少し邪道ですが、補助品種から解答を始めるのもかなりオススメです。前述の通り、主品種の描写の際に、補助品種から得られる効果を意識する必要がありました。そこで、補助品種から得られる効果を先に書き、コントラストとなる部分を見極めてから主品種の描写を行う方法を取ると効率が良いのです。(この場合、解答欄の上の方を空けておきましょう)
例題2:ブレンドの目的
解答例
グルナッシュ種は、凝縮した赤系果実とスパイシーな風味を持つが、色が淡く、タンニンが少ない品種である。シラー種などをブレンドすることで、不足している色素とタンニンを補うことで、ワインのバランスを向上させることができるから
ムールヴェードル種をブレンドすることで、黒系果実の風味や、熟成による猟鳥類や肉の風味を加え、ワインの複雑性を向上させる事ができるから
品種や年ごとの豊作・不作による影響をブレンドを行うことで緩和し、ブランドとして目指すスタイルを実現することができるから
醸造は樽ごとに行うため、樽ごとに仕上がるワインに差異が生じることがある。異なる樽同士をブレンドすることで、ブランドとしての一貫性を保つことができるから
解説
例題1と同じ地域ですが、今度は目的を問われています。例題1のように、品種ごとのブレンドの効果を部分的に書いてはいますが、聞かれているのはあくまで目的です。

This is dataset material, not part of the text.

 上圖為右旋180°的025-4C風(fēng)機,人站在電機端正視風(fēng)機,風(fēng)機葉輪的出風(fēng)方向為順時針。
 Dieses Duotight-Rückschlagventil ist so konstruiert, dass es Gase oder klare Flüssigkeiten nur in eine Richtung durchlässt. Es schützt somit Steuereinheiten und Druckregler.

WSET的なブレンドの目的は、解答例の中でも太字で強調した以下の4つです。(7章:ワイン醸造と熟成に記載があります)
ワインのバランスを向上させることができるから
ワインの複雑性を向上させる事ができるから
ブランドとして目指すスタイルを実現することができるから
ブランドとしての一貫性を保つことができるから
1,2はイメージしやすいと思います。解答例のように品種と絡めて書くと得点になりやすいでしょう。

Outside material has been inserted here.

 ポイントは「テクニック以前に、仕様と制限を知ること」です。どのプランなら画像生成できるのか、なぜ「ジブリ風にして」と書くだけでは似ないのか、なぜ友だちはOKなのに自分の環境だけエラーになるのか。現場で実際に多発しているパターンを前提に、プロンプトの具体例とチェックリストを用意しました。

3,4は構えていないとなかなか書けないと思います。産地の事情や品種と絡めて書くものでもないので、試験直前に、3,4は決まり文句として反射で書けるように復習しておきましょう。
「ブレンド」に関する記述問題の対策方法
ブレンドに関する問題は、特定の生産地域に関連付けて出題されることが多いのですが、出題される産地は限定的です。

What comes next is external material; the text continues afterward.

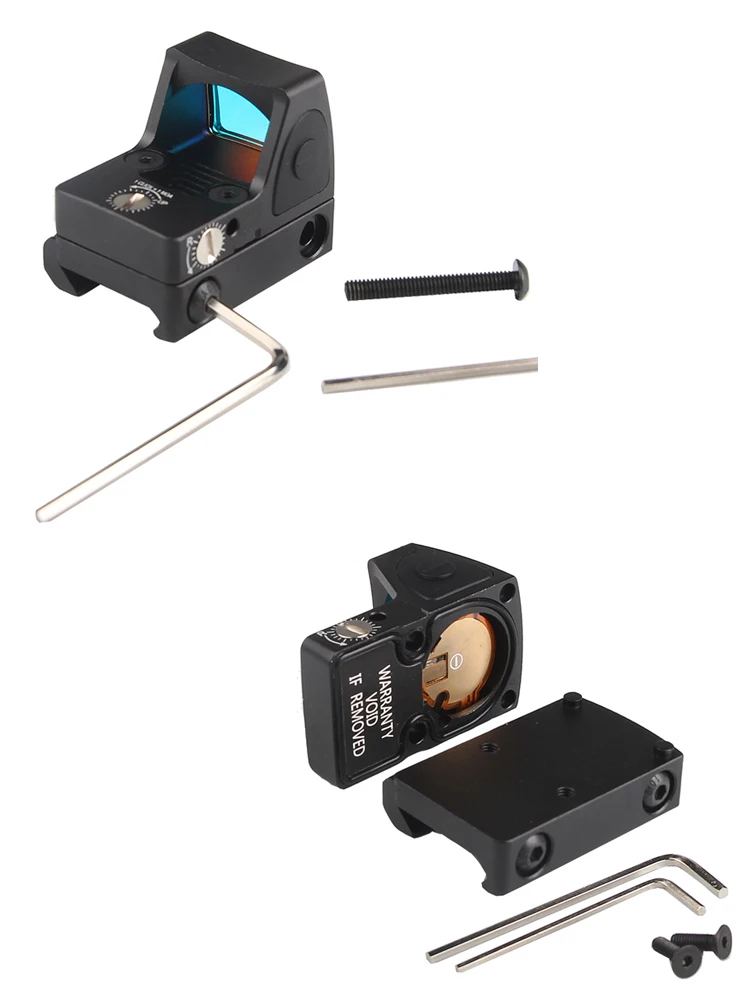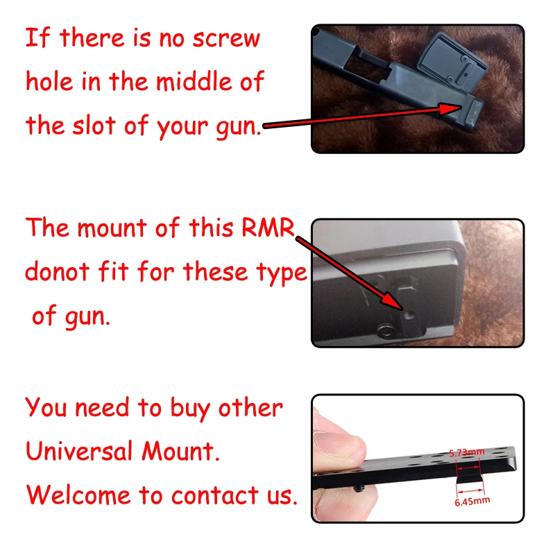 Мини-прицел с красной точкой имеет не только одно крепление для рельса Пикатинни 20 мм, но и одно крепление 22 мм. Но крепление 22 мм подходит не для всех типов пистолетов. Если у вашего пистолета есть ТРАПЕЦИЕВИДНОЕ отверстие, это 22 мм крепление не подходит для вашего пистолета. Вам нужно одно универсальное крепление.

以下で、練習すべき生産地域を記載します。上の2つの例題の産地を入れ替えた問題を自分で作って解いてみましょう。
練習すべき生産地域
練習すべき生産地域は以下の通りです。
()内の産地は優先度が下がります。
ボルドー
ソーテルヌ
ローヌ川流域北部 [シラーとヴィオニエのブレンド効果のみ]
ローヌ川流域南部
(南フランス)
ジャンパーニュ
リオハ
(プリオラート)
オーストラリア
補足
上記例題は、テキスト記載の例題と、スクール講師の模範解答をベースにしています。
過去の試験問題や採点基準は公表されていません。採点はロンドンの本部で行われ、講師にも明確な基準は開示されていません。よって、上の解答で満点が取れるかを保証することは出来ません。
筆者は、一応Distinctionで合格しているので、解答例はそれなりに正しく、対策リストも妥当なものになっていると思います。